Let's check out the Velocity aspect of SBD through some real world examples.


## An hour in NYC (From a Yellow Cab Perspective)

![yellow_taxi](supplementary/yellow_taxi.jpg)
Yellow taxicabs are widely recognized as a symbol for NYC. There are almost 13,587 yellow cabs in NYC. NYC Taxi and Limousine Commission TLC releases Trip Record Data (https://www1.nyc.gov/site/tlc/about/tlc-trip-record-data.page). The Trip record data includes pick-up and drop-off dates/times, pick-up and drop-off locations (the spatial component), trip distances, itemized fares, rate types, payment types, and driver-reported passenger counts.

The taxi dataset you are going to use for this lesson is an extract from the entire dataset. It contains the trip record for 1 hour. While the taxi records only contain the pick-up and drop-off locations, we have generated a GPS trajectory dataset for each taxi based on its pick-up and drop-off location. 

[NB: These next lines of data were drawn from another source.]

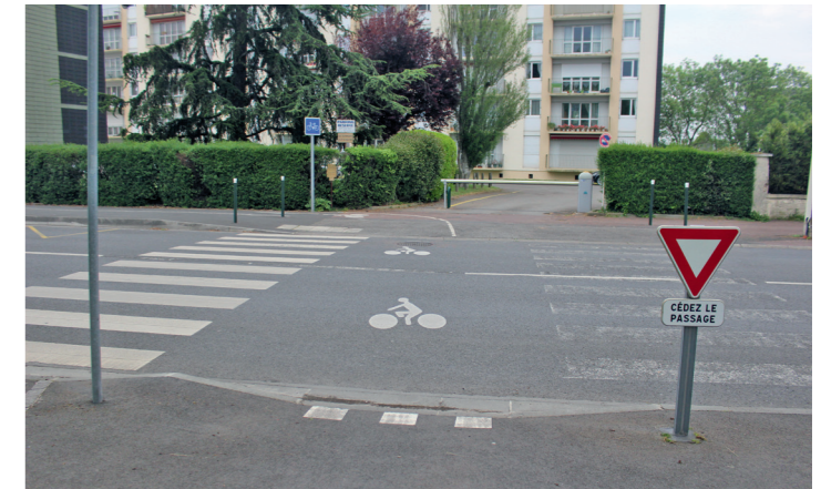
Boulevard Detolle : traversée de la rue Eugène Maes.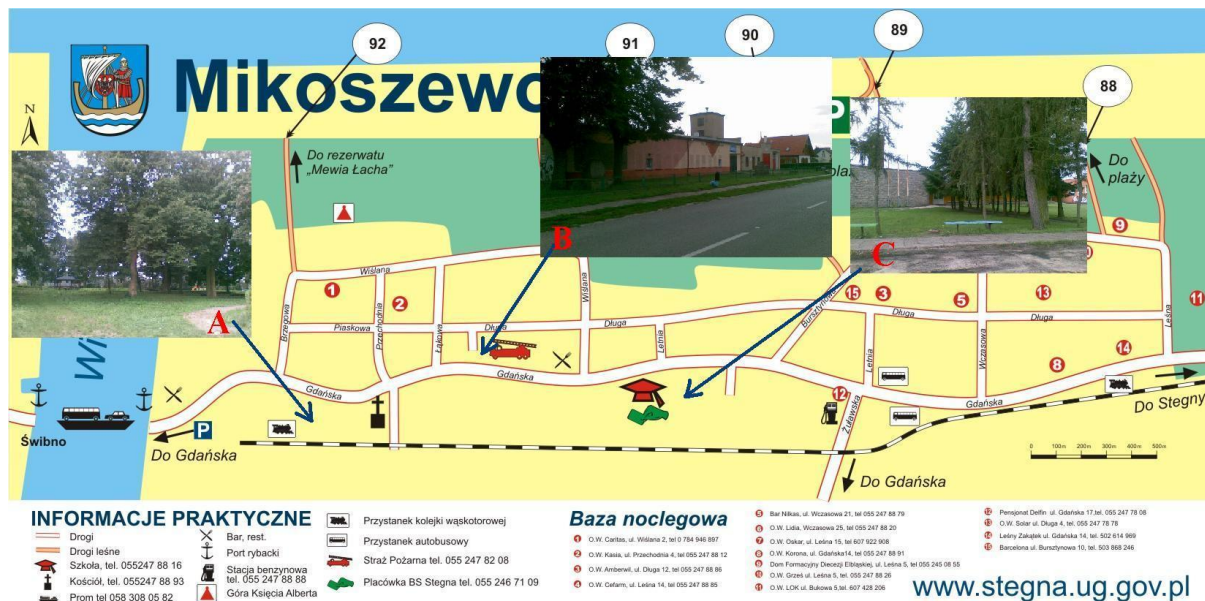
Rys.2. Obszary o szczególnym znaczeniu dla zaspokojenia potrzeb mieszkańców Mikoszewa

W miejscowości Mikoszewo można wyróżnić kilka obszarów o szczególnym znaczeniu dla zaspokojenia potrzeb mieszkańców, sprzyjających nawiązywaniu kontaktów społecznych, ze względu na położenie oraz cechy funkcjonalno-przestrzenne. Obszary te oznaczone literami A,B,C pokazano na rys. 2.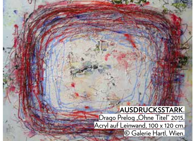
AUSDRUCKSSTARK. Drago Prelog „Ohne Titel“ 2015, Acryl auf Leinwand, 100 x 120 cm, © Galerie Hartl, Wien.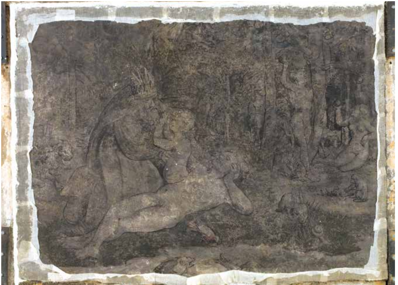
Todesbilder. Szenen Nr. 1 und 2, Schöpfung und Sündenfall.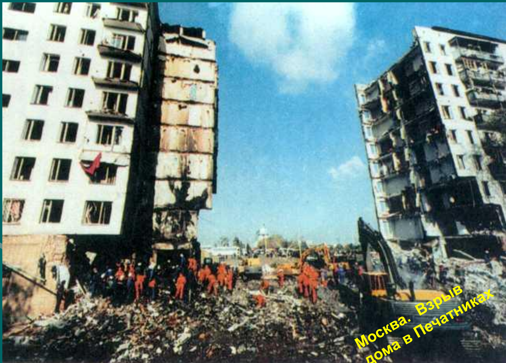
Москва. Взрыв дома в Печатниках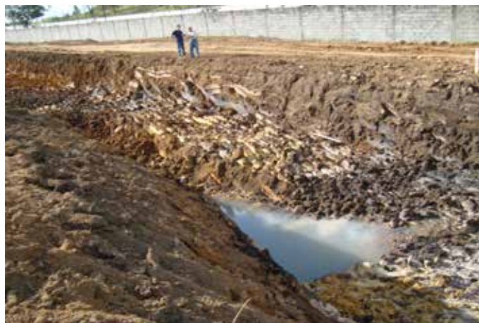
Antes da obra

Após a execução da obra, as soluções propostas se mostraram eficazes, seguras, e permitiram a construção do pátio de manobras dentro do cronograma de execução da obra.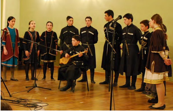
Singing and Chanting Folklore Group „Pherkhisa” GEORGISKA | GEORGIEN | GEORGIA | საქართველო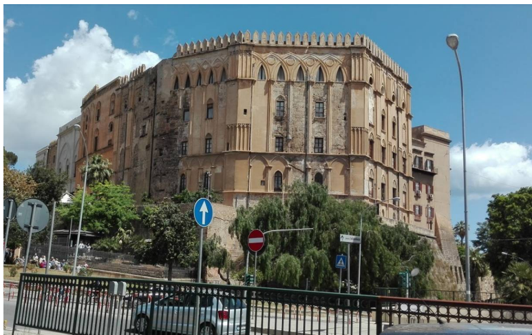
Рисунок 6 дворец Норманнов

Роберт и Роджер Отвили вписали свои имена в историю Италии, захватив Апулию, Калабрию и Сицилию.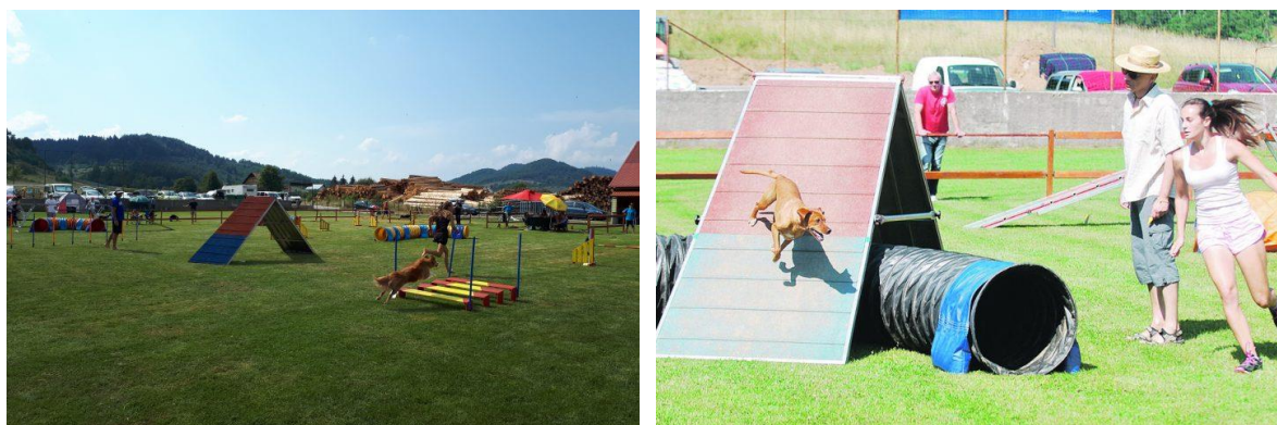
Slika: Agility Mrkopalj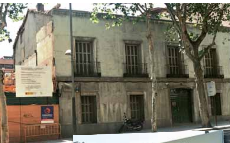
▲ Casa de Giner y Cossío en Martínez Campos 14, con el cartel que anuncia las obras.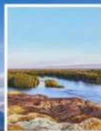
ธารน้ำ 5 สี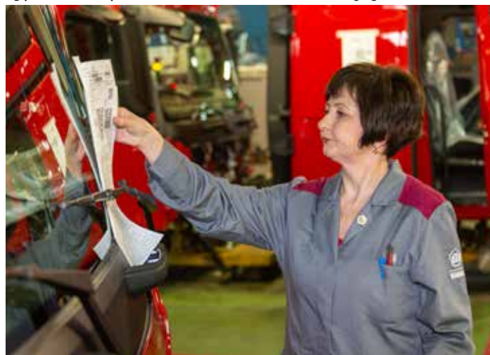
Контролёр несёт ответственность за качество сборки кабин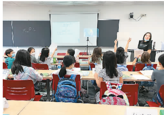
▲美国俄亥俄州现代中文学校中文班的双师课堂。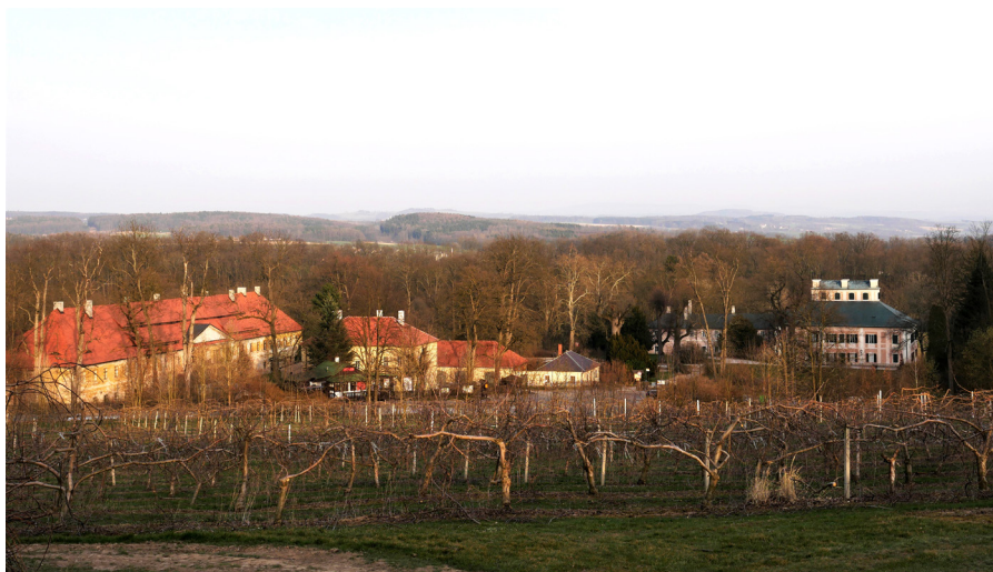
Babiččino údolí Dolina Babuni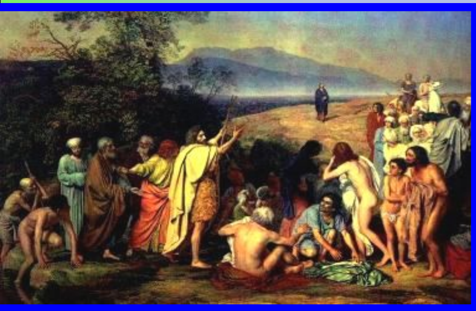
А.А.Иванов Явление Христа народу.

Особое место в истории русской живописи занимает А.Иванов- «портретист Христа». Над главным творением жизни, «Явлением Христа народу», он работал 20 лет. Основная идея картины уверенность в необходимости нравственного обновления людей.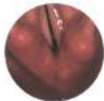
Paralisi bilaterale delle corde vocali (dopo tireoidectomia totale)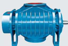
Ротационный вакуумный насос Максимальный вакуум 50 или 80 %

Не имеет изнашивающихся частей, является источником вакуума в передвижных пылесосах.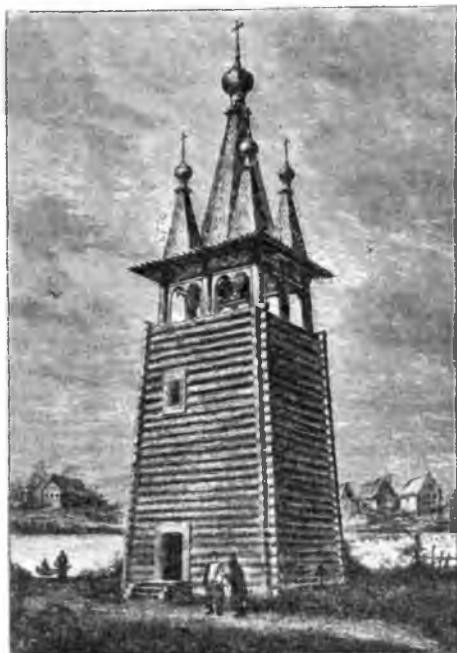
Колокольня Ракунскаго погоста. (Къ стр. 128).

угольника болѣе 8 сажень. Церковь на подклѣтяхъ и входъ—что представляетъ весьма рѣдкій случай—съ южной стороны. Галлерея съ трехъ сторонъ, для защиты отъ вѣтру съ маленькимъ окномъ. Во второмъ этажѣ надъ галлерей какъ и въ пристройкѣ къ восьмиугольнику, второй придѣлъ съ папертью. Лѣстница въ этотъ придѣлъ идетъ изъ галлерейки. Церковь холодная и потому вмѣсто трапезной (въ теплыхъ церквахъ трапезная—одна изъ главныхъ принадлежностей)—галлерея, которая теперь частью разрушена, да и вся эта замѣчательная церковь, къ сожалѣнію, подлежитъ сломкѣ, и рисунокъ нашъ скоро будетъ имѣть интересъ уже историческій: изображенія уже несуществующаго памятника зодчества.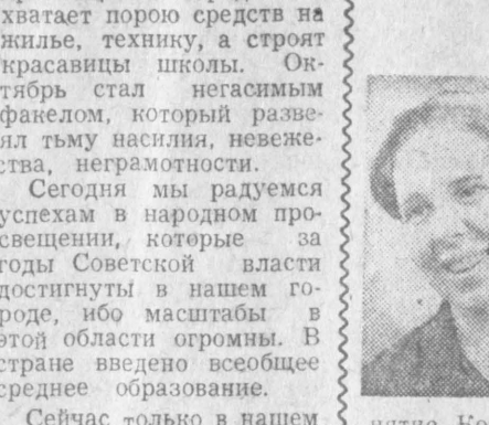
Знаете, как волнует человека труда высокая оценка! Вот с такого волнующего события начался для меня этот год по итогам республиканского соревнования в 1976 году мне было присвоено звание лучшей по профессии в отрасли. Оно придало мне новые силы, и 20 октября я завершил план трех лет пятилетки. Это мой трудовой подарок юбилею Советской власти и отклик делом на призыве Конституции СССР. Испытываю и большую радость не только за себя, но и за товарищей по труду. Ведь 28 работников нашего производства, или навстречу празднику, завершили план двух лет. Хотя сегодня наш комбинат переживает трудности, мы, текстильщики, верим в свои силы и добьемся, чтобы он встал в ряды передовых предприятий города.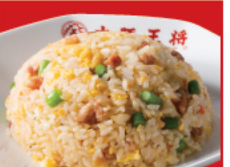
ガーリック炒飯 700円(税込)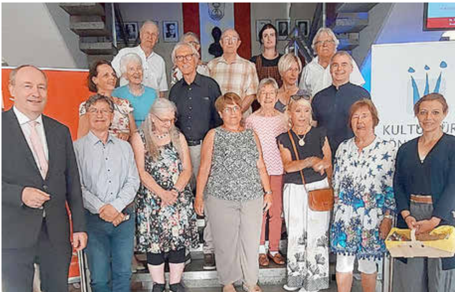
Kulturelle Gautscheröffnung am 23. Juni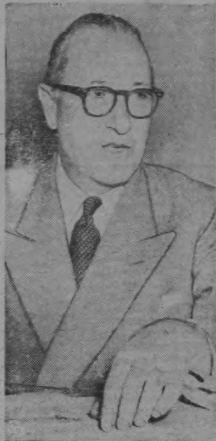
George Wadsworth, diplomático de carrera de 58 años de edad ha sido nombrado Embajador de los Estados Unidos ante el gobierno comunista de Checoslovaquia. El nombramiento por el Presidente Truman se anunció mientras el nuevo embajador checo a los Estados Unidos llegaba silenciosamente a Washington. La tarea más importante de Wadsworth será renovar los esfuerzos por obtener la libertad de William N. Oatis, corresponsal-periodista norteamericano.—(INP).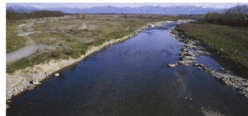
Foto 32 - I magredi del Serio

Data l'elevata concentrazione di fontanili attivi e potenziali, oggi in disuso per effetto di scorrette politiche agricole e gestionali delle risorse idriche, questa parte di territorio appartiene quasi interamente, tranne la fascia agricola a nord nord-est ed ovest di Treviglio, alla fascia dei fontanili riconosciuta dagli studi settoriali come area di pregio naturalistico per i sistemi naturalistici endemici appurati e per i sistemi storico culturali ancora leggibili sul territorio (sistema delle cascine e dei nuclei storici rurali, sistema della viabilità storica, sistema delle centuriazioni, sistema delle rogge e dei canali), per la identificazione dei quali si rimanda all'elaborazione di dettaglio del Piano Territoriale di Coordinamento provinciale a valenza paesistica.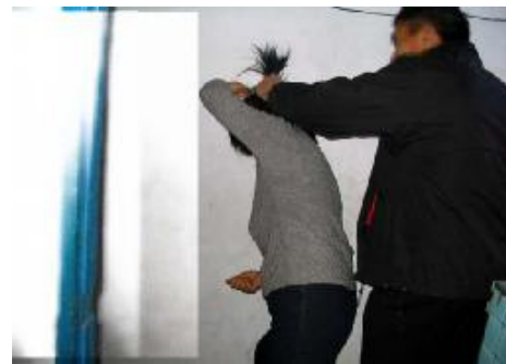
酷刑演示：揪头发撞墙

璃，但透明，来往的狱警和犯人都能看到），以此来羞辱学员，反而诬蔑法轮功学员不要脸。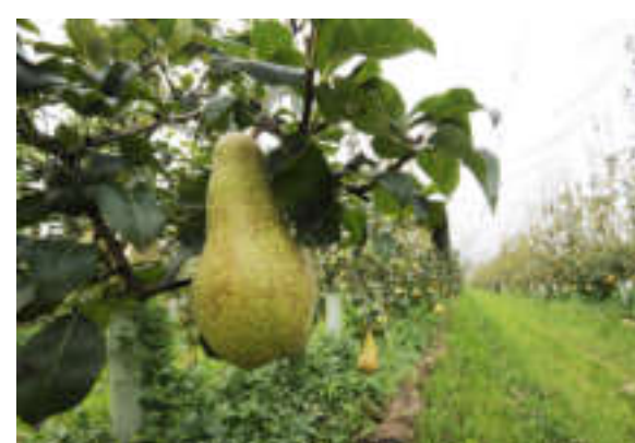
Oi Pera, numeri produttivi al minimo storico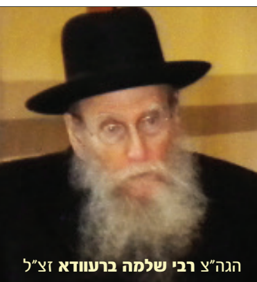
הגה"צ רבי שלמה ברעוודא זצ"ל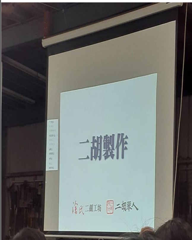
二胡製作地點，二胡琴人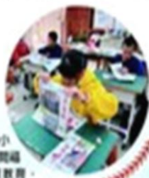
▶泰源國小進行《人間福報》讀報教育，拓展學生國際視野。

學校跨領域主題課程「戀上泰源我的家」，以探索文化和生活體驗為核心，運用自然資源優勢及「教育累積」觀念，引領師生一起走讀、認識、感受東台灣這塊福田，學生不僅從小就學習探訪及研究技巧，也在生活中實踐品格教育。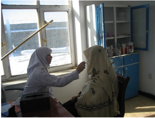
Chadija bei der Arbeit

die Anliegen und Informationen der Ambulatoriumsmitarbeiter auf Englisch und leitet sie an den Vereinsvorstand in der Schweiz weiter.

Let's get into action with our first experiment


### Experiment I (Taxis Taxis Everywhere!!!)

Let's explore the dataset first

Our data is in parquet format which is particularly designed for columnar storage and is highly optimized for storing large amount of data. <br>

In [None]:
import pandas as pd
import queue
import threading
import time

data = pd.read_parquet(r'supplementary/taxi1hr_gps.parquet')
data

There are 10,891,783 coordinates even for 1 hour taxi trajectory data. The id is unique for each taxi and sec indicates the current sec from the start of the simulation.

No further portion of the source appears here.